Exercise prompt> Find "Nella presente relazione" and "een moderne look." in the records below. Copy the lines holding them and every line between, exactly, and no others.

Extracted information>
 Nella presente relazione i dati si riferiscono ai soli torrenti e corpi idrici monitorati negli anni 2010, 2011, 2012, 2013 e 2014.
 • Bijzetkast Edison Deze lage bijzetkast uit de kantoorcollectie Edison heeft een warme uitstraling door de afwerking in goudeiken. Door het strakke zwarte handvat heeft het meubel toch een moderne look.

==

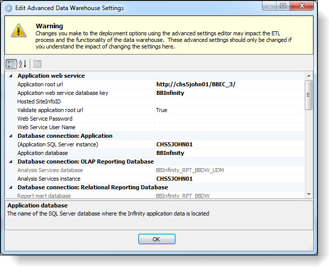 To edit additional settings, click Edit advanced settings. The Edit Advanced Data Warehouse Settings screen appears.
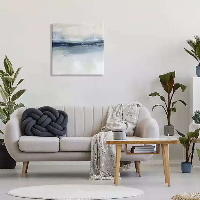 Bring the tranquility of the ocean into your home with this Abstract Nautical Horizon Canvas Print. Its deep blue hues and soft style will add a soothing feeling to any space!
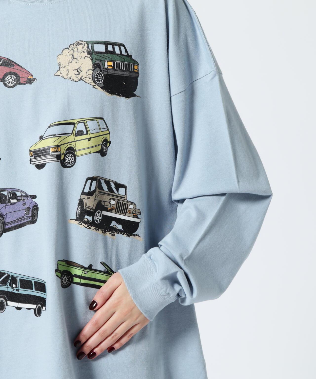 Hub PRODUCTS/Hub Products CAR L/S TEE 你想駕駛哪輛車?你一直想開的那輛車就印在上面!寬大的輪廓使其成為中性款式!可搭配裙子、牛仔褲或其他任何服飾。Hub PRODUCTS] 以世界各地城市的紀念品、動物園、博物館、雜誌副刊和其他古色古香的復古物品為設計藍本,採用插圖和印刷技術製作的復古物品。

==

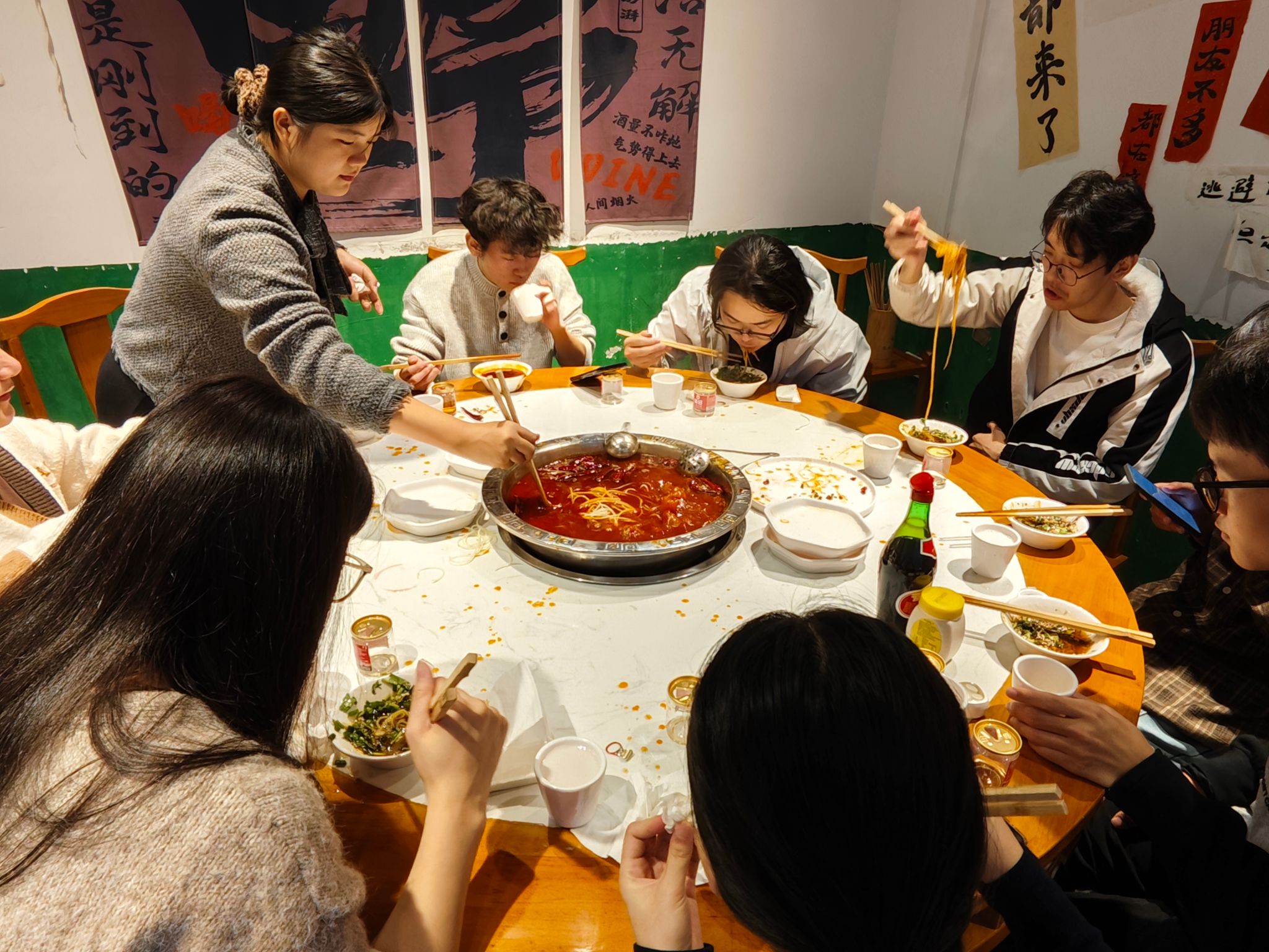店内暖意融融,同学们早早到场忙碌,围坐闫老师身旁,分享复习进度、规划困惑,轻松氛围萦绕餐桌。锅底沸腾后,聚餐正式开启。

Task solution>
 Nella presente relazione i dati si riferiscono ai soli torrenti e corpi idrici monitorati negli anni 2010, 2011, 2012, 2013 e 2014.
 • Bijzetkast Edison Deze lage bijzetkast uit de kantoorcollectie Edison heeft een warme uitstraling door de afwerking in goudeiken. Door het strakke zwarte handvat heeft het meubel toch een moderne look.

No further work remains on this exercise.